Мерзейше. Щеки горят от прихлынувшей крови. Проезжаем близко мимо лиц, глаз. Нестерпимо стыдно поглядеть в них. Пытаюсь расколыхать колокол совести хозяина машины:

— Возьми, знакомые же кто-то.

— А-а, ну если знакомые.

Свернул к обочине, оглянулся. Женщины обрадовано уже бежали к нам, бочась от тяжести. Он, щурясь, оценивающе оглядел их, сказал, и сочилась лень в сытых выбасах его голоса:

—Не знаю таких.

И включил скорость. Сидел прямо, несразимо. Сразу за лесом опять пошла степь, и куда-то крались, уходили по ней обрывистые овраги... Что ж, не одни хлеба растут в поле.

Больше до села не сказали друг другу ни слова. Внутренне обобранный, я сидел бездвижно, потрясённый случившимся. Было гадко и гнусно, давило чувство собственной малости. До сих пор не могу простить себе, что не хватило догадки вылезти из машины и пойти с женщинами пешком.

Больно.

Больно даже месяц спустя. Уж таким я вырос: не терплю, когда при мне обижают человека. Это у меня, наверное, с детства, из горьких сиротских лет моих: слышать в себе не только свою, но и чужую боль, и потому низко кланяюсь вам, бабы, и прошу — простите, что барином проехал мимо, не подвёз вас: не хозяин был, самого везли из милости, а вылезти и разделить с вами дорогу вашу — догадки, воспитания не хватило.

Стою у Чапаевки. Она полна тишины и неба. На сумеречной студеной глади ее, на глубокой воде — расплывчатые огоньки звезд.
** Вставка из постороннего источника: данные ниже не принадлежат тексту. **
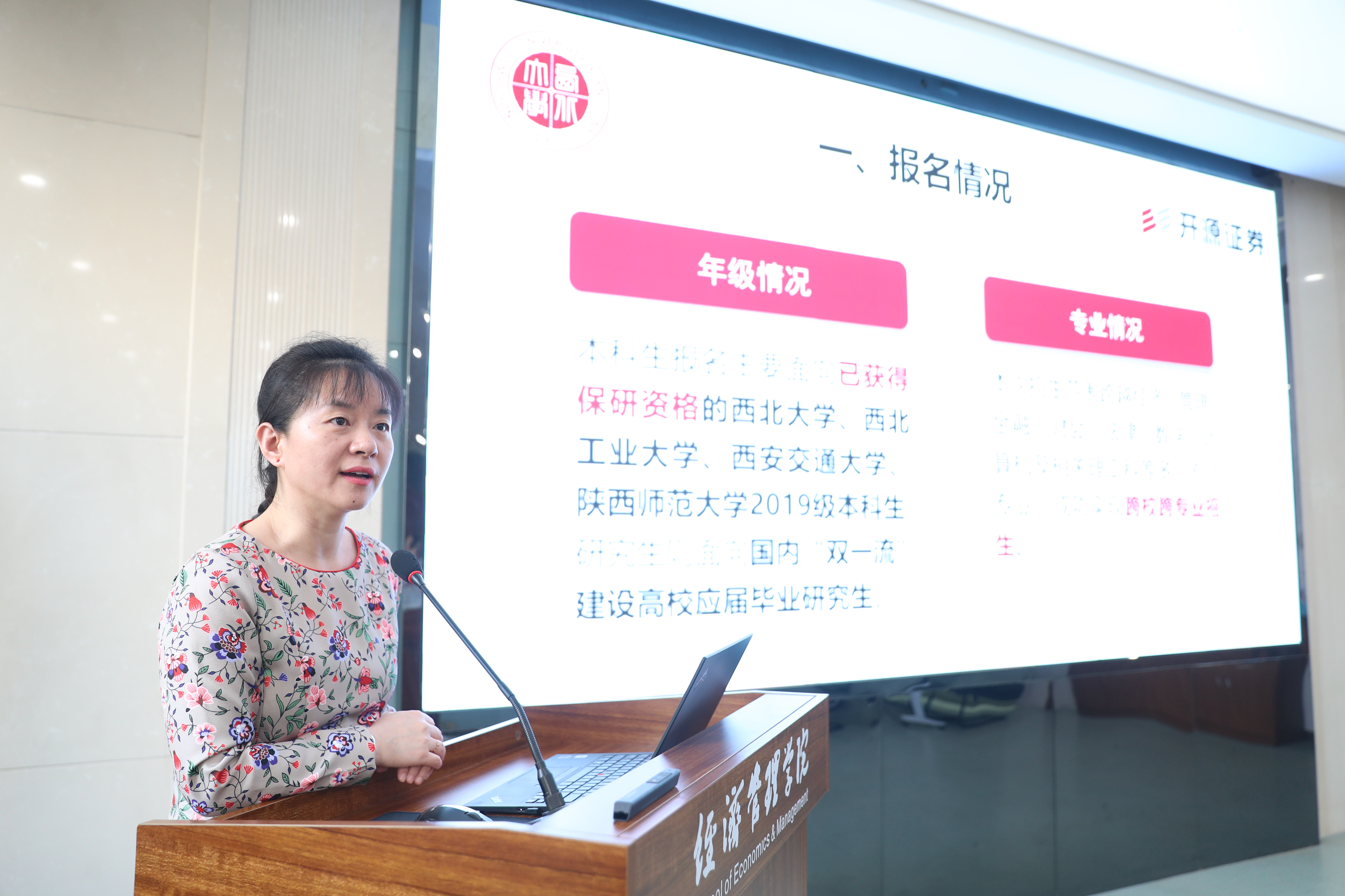 会上,马莉莉对第三届“开源证券-西北大学”创新人才实验班具体情况进行了介绍。“开源证券-西北大学”创新人才实验班是开源证券与西北大学战略合作的重要项目之一,两届分别于2020、2021年底开班,2021、2022年6月顺利结业,均取得了丰硕成果,为公司培养了一批高素质专业人才,也为中国资本市场输送了众多优秀青年才俊。2022年,我院与开源证券联合申报的金融专业硕士研究生实践基地成功获批西北大学研究生培育质量提升项目
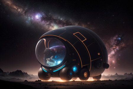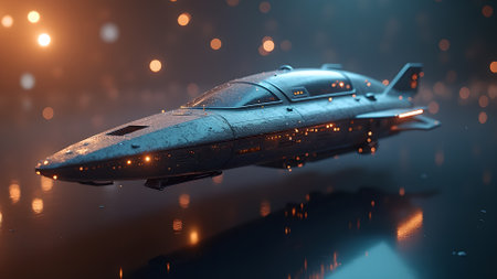 A conceptual representation of a futuristic spaceship, reflecting innovation. This image captures the blend of high technology and imaginative exploration.

Все вокруг задалено темью, и невидимый глазу гремит по мосту очередной спешащий куда-то поезд. Высоко на облаках потухают последние отблески отошедшей зари.

Все стушевывается, перестает быть видимым, уходит в сон. Засыпает и Чапаевка. Все лето скромно таится она в тихих берегах и только по весне, когда солнце обрушивает снега, выходит могучей плотью наявь и, величаво — спокойная, идет над утопшими талами к Волге, чтобы, слившись с нею, сообща идти к морю. Обильна становится Чапаевка по весне водами и поразительна разливами: от берега до берега — верста, и рыбы приплывают метать икру прямо к огородам.

К огородам по весне приходит и ветер и шатает плетни, и плетни скрипят, жалуясь на свою давность, хилость и сухость. Они уже свое отжили, им хочется уже только одного: чтобы их не тревожили, оставили в покое. Но пока ты жив, разве уйти от тревог и беспокойства.

И плетни скрипят, раскачиваемые ветром, и рыбы, слушая скрип их, тихо выпускают из себя икру и, облегченные, неслышно уплывают до следующей весны туда, откуда приплыли, разбуженные половодьем, а икринки их остаются жить в тихих заводях, и самые счастливые из них сперва станут мальками, а потом и крупными рыбинами и уплывут от родных плетней в воды большой реки, чтобы однажды, повзрослев, вспомнить, где родились они, прийти и дать жизнь себе подобным.

Домой возвращаться не хочется. Не хочется идти в казенный дом, стандартный, безликий и потому обездушенный. С тринадцати лет в городе, а сердцем так и не приточался к нему, оно все тянется к моей деревеньке, к моему Лысогорью, к родным буграм, к тихой притаившейся в низких берегах, поросших черемухой и кленами, речушке Чагре, к горьким, утонувшим в жирных бурьянах саманным развалам, что были когда-то красивыми мазанками, к темным ямищам, бывшим некогда глубокими погребами, где зимой было тепло, а летом холодно, и где хранилась скромная крестьянская снедь, на которой мы росли, обретали крылья разума, поднимались в полет.

Эти саманные развалы, эти ямы умерших погребов, эти одичалые окорежившиеся деревья, что были когда-то садами, — это все, что осталось от моего Лысогорья. Это да еще кладбище на бугре между двух оврагов, большинство могил на котором уже без крестов — истлели от времени, а на поздних, нынешних — умерших на стороне везут хоронить домой — пирамидки с оградками, но они выглядят здесь, на заброшенном кладбище, чем-то случайным, сторонним, не родным.

Город за спиной зажег огни, тысячи огней в тысячах квартир. Каждый горит своему хозяину, радует только его своим светом.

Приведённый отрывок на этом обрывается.